These potent visual motifs oscillate steadily before morphing, or phasing, into something resembling synchronicity, at which point Phase Shifting Index starts to emanate a heady sense of euphoria and intoxication. As Shaw’s work proceeds towards climax, assorted bodies collude in opulent and harmonious throngs and the audience is met with a further encounter, a shared trip. Reaching its crescendo of dramatic action, Phase Shifting Index vibrates with a charged yet serene spiritual ferment. Typified by Shaw’s signature approach to datamosh visuals, the pulsating strobe-lit exhibition begins to respire deeply with choreographic contemporaneity.
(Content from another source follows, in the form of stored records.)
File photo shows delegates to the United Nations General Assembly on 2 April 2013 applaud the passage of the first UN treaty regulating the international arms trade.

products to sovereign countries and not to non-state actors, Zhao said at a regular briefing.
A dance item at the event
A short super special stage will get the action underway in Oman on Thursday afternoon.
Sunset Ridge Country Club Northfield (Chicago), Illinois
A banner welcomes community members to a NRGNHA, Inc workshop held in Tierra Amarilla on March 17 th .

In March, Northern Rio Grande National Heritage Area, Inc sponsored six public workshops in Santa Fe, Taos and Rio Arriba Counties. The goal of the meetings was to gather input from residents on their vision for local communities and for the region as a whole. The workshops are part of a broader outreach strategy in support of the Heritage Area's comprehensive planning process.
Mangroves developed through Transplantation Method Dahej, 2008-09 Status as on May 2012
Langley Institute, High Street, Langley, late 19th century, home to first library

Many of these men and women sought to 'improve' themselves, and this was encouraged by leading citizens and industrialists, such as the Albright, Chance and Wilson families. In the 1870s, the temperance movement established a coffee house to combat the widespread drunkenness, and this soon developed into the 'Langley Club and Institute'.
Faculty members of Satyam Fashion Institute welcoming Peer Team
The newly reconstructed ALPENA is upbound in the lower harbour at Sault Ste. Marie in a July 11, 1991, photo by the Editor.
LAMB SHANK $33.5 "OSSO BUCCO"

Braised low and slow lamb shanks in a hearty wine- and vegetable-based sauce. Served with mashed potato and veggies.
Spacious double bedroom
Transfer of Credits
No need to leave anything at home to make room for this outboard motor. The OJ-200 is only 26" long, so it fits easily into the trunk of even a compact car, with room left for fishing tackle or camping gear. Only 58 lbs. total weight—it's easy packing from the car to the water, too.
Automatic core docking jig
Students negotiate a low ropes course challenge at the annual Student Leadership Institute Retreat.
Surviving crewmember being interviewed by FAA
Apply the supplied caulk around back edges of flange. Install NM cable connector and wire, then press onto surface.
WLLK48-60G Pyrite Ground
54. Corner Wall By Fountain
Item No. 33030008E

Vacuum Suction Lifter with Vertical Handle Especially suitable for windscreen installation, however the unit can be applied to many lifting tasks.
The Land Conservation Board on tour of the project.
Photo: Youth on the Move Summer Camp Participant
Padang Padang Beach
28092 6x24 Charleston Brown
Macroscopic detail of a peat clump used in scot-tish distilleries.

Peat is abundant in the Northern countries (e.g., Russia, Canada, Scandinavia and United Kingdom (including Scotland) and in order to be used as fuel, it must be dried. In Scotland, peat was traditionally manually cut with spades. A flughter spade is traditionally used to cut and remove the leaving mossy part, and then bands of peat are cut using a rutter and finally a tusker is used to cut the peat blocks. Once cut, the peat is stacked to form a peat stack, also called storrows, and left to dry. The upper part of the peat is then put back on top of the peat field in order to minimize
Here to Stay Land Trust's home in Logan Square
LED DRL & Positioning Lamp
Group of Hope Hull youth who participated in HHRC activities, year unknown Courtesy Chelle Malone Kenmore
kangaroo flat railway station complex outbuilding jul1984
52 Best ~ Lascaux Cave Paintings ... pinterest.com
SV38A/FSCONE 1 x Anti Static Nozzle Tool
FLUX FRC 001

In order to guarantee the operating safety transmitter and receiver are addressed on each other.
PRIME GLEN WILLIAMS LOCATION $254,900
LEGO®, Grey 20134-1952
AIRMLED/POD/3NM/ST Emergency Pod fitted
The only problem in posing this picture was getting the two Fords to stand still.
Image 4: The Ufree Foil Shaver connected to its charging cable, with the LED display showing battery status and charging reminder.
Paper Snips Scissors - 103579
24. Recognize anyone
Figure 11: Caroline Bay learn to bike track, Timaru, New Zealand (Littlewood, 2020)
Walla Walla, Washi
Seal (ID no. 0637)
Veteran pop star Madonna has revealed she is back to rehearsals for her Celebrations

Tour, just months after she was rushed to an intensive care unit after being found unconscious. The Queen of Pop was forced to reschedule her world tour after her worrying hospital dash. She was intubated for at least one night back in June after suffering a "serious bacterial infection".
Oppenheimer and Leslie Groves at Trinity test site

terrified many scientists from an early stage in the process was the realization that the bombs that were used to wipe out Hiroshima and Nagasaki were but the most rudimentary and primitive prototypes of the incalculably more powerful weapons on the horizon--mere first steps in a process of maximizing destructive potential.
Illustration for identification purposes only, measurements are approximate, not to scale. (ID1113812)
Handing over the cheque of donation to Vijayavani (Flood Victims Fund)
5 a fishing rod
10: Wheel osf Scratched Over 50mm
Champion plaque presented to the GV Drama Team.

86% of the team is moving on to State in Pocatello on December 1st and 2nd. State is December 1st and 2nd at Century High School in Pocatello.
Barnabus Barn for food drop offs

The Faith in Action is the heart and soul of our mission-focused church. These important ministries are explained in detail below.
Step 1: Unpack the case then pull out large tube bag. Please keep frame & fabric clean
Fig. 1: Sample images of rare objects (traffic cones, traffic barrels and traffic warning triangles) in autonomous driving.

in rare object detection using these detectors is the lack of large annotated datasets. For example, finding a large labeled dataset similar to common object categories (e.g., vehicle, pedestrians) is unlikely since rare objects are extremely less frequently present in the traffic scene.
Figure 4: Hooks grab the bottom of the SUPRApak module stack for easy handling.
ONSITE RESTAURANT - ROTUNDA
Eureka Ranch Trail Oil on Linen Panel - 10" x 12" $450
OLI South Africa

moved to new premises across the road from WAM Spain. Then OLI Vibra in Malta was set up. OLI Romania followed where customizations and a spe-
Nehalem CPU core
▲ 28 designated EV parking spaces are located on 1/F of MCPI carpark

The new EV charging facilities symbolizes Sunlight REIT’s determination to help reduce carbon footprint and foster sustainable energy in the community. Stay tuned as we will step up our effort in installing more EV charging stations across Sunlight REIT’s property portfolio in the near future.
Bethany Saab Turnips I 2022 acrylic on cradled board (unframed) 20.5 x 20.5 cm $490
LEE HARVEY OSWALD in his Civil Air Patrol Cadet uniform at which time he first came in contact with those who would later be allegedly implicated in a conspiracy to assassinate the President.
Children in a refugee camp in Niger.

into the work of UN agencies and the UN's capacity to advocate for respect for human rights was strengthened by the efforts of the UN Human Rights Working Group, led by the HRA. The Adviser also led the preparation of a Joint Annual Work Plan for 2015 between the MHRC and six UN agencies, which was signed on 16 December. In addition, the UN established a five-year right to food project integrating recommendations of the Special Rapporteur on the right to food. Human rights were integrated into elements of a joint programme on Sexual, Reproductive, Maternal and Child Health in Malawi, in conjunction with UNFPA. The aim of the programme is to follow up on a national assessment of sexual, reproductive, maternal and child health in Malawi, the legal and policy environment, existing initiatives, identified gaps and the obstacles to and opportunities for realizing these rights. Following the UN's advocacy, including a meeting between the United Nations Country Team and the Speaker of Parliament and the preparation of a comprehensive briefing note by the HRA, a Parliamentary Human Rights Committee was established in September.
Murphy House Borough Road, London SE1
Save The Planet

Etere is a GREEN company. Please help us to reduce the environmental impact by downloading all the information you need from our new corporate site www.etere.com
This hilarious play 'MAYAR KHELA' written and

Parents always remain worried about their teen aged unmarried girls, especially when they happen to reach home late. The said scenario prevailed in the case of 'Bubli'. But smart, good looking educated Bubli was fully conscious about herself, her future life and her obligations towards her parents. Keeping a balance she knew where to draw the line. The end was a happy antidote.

Following this moment of serenity, Phase Shifting Index begins to immediately burst, with torn pixels colliding across screens and disintegrating into a liquescent installation of psychedelia, before quickly fading into itself. There is a moment of pause, albeit devoid of resolution, before the cycle begins once again.

Yarran Gatsby, nipaluna/Hobart

Curated by Jarrod Rawlins, ‘Phase Shifting Index’ is currently on view at the Museum of Old and New Art alongside ‘Exodust – Crying Country’, a collaborative project by Fiona Hall and A. J. King (curated by Jane Clark and Jarrod Rawlins), and ‘Within an utterance’ by Robert Andrew (curated by Emma Pike). All exhibitions are on display until 17 October 2022.